Presidents and reporters
| Washington
All presidents seem to have difficulty understanding that there are perceptions other than their own as to what the facts of a situation are. That is what lies behind Ronald Reagan's current unhappiness with the press, particularly television.
The President has pulled back somewhat from his recent criticism of the press. But his aides say that he still has a feeling that the news media, principally TV, are not giving him a fair shake in portraying the economy and how he is dealing with it. He sees the recession being protracted by TV reporting of isolated incidents of individual hardship that paint a picture of the national scene that is bleaker than it really is -- and this, of itself, worsens economic conditions.
TV's problem is that in an effort to humanize the news -- or simply entertain -- it does tend to generalize and thus shade a position in one way or the other by focusing on individual cases. But the fact is that the President faces real economic difficulties, and many Americans are talking about it -- whether or not the TV cameras are focused on them.
Asked recently whether such TV reports were delaying recovery, Charles Schultze, President Carter's chief adviser on the economy, replied: ''No. That's a new one to me. We complained about television. But we never said anything like that.''
It was, he said, Reaganomics and Mr. Reagan's insistence on keeping his current and upcoming income tax cuts in place and his unwillingness to seek substantial reductions in his defense budget that were really prolonging the recession. A continuation of this approach, he added, would mean any upturn would be ''short-lived.''
The press, by and large, is a mirror. Public figures like that mirror as long as it puts them in a good light. But when the mirror reflects something negative about presidents or what they are doing -- too often they cry ''foul.'' It is true that the media sometimes distort and oversimplify. But they are the messenger, not the message.
So the picture on TV may not be focused the way Mr. Reagan would like to have it. He can feel that if there were more emphasis on what he sees as positive signs -- the drop in inflation, the slight decrease in interest rates, for example -- this might provide what he calls a ''psychological'' boost to the recovery.
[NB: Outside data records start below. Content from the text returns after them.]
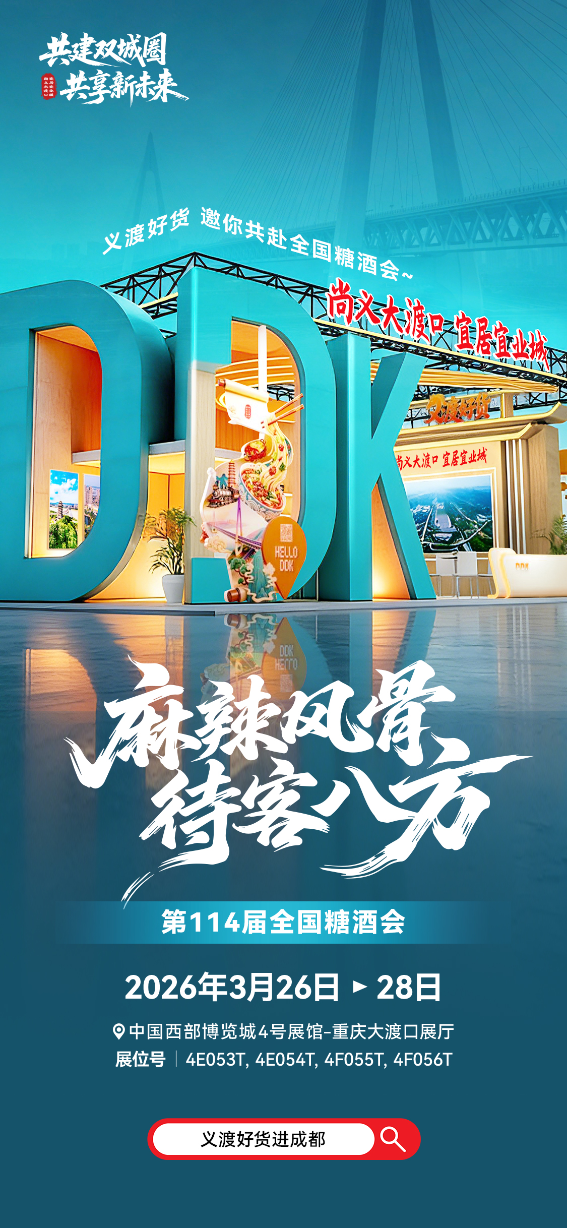 3月26日至28日,第114届全国糖酒商品交易会将在成都举行。大渡口区将组织区内10余家特色食品及农产品加工企业,以“义渡好货·香满全国”为主题,携重庆小面、火锅底料、特色调味品等百余款核心产品组团参展。
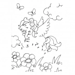 Slika s letećom vilom iznad cvijeća razvija računanje korak po korak i motivira djecu na bojanje detalja.
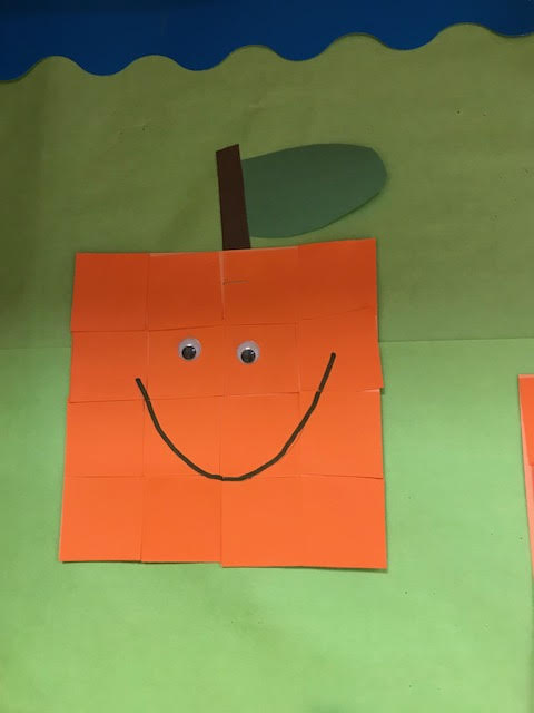 Then it was onto pumpkins and Halloween! We had a blast on Pumpkin Day. Thank you so much to all of the parents who came in to help out. The students measured and weighed their pumpkins, predicted and tested whether their pumpkins would sink or float, estimated and counted the number of seeds in our class pumpkin, estimated the number of candy corn in our skeleton cup (good job to Benson for winning the prize! He had the closest estimate (only 1 number away) when we counted them as a class at the end of the day), played Halloween Bingo with Halloween sight words, painted our pumpkins, and last but not least created a Spookley the Square Pumpkin craft. The day before Pumpkin Day we read the Spookley book. This is a great book that goes along with our kindness theme. It is about a pumpkin named Spookley who is not like the other pumpkins because he is square. All of the other pumpkins tease him because he is different. This makes Spookley sad, but he looks past this sadness when there is a terrible storm and all the other pumpkins start rolling away. Spookley saves the day by wedging himself between the other pumpkins and the fence. This could not have happened if he wasn't square. The other pumpkins were so thankful and so was the farmer who grew the pumpkins. The next year the farmer sowed those same seeds and all different types of pumpkins grew; pumpkins of all shapes, sizes, and colors. People came from all over the see this amazing pumpkin patch! The author writes, "oh what a garden variety makes" and the students learn an important message that my mom taught me when I was little- "Differences are what makes the world go round!" and not to judge a book by it's cover. What a great message!

But that is the President's point of view. There are other views from expert observers who contend that every day Mr. Reagan continues to push forward with his supply-side economics he is leading the nation in the wrong direction.
So it is at least arguable that for TV and the print media to present a rosy and Reagan-approved picture of the economic scene might not be in the national interest. In fact, it could be construed as head-in-the-sand reporting.
On the Reagan foreign policy, too, there are differences of perception. For instance, Zbigniew Brzezinski, Carter's top White House adviser on foreign affairs, thinks Reagan is getting too much advice on foreign policy from too many people -- and that these are for the most part ill-qualified to give counsel on the subject.
Brzezinski sees a President who has not involved himself sufficiently in foreign affairs and who, as a result, faces three great potential crises, in Europe, in the Mideast, and in Central America. These could come all at once, he warns.
There is thus more than one informed view of the great issues - and how the President is dealing with them. The media, and particularly TV, may or may not be telling the story the way the President cares to hear it. But in general their reports reflect the conditions existing under the President's own policies.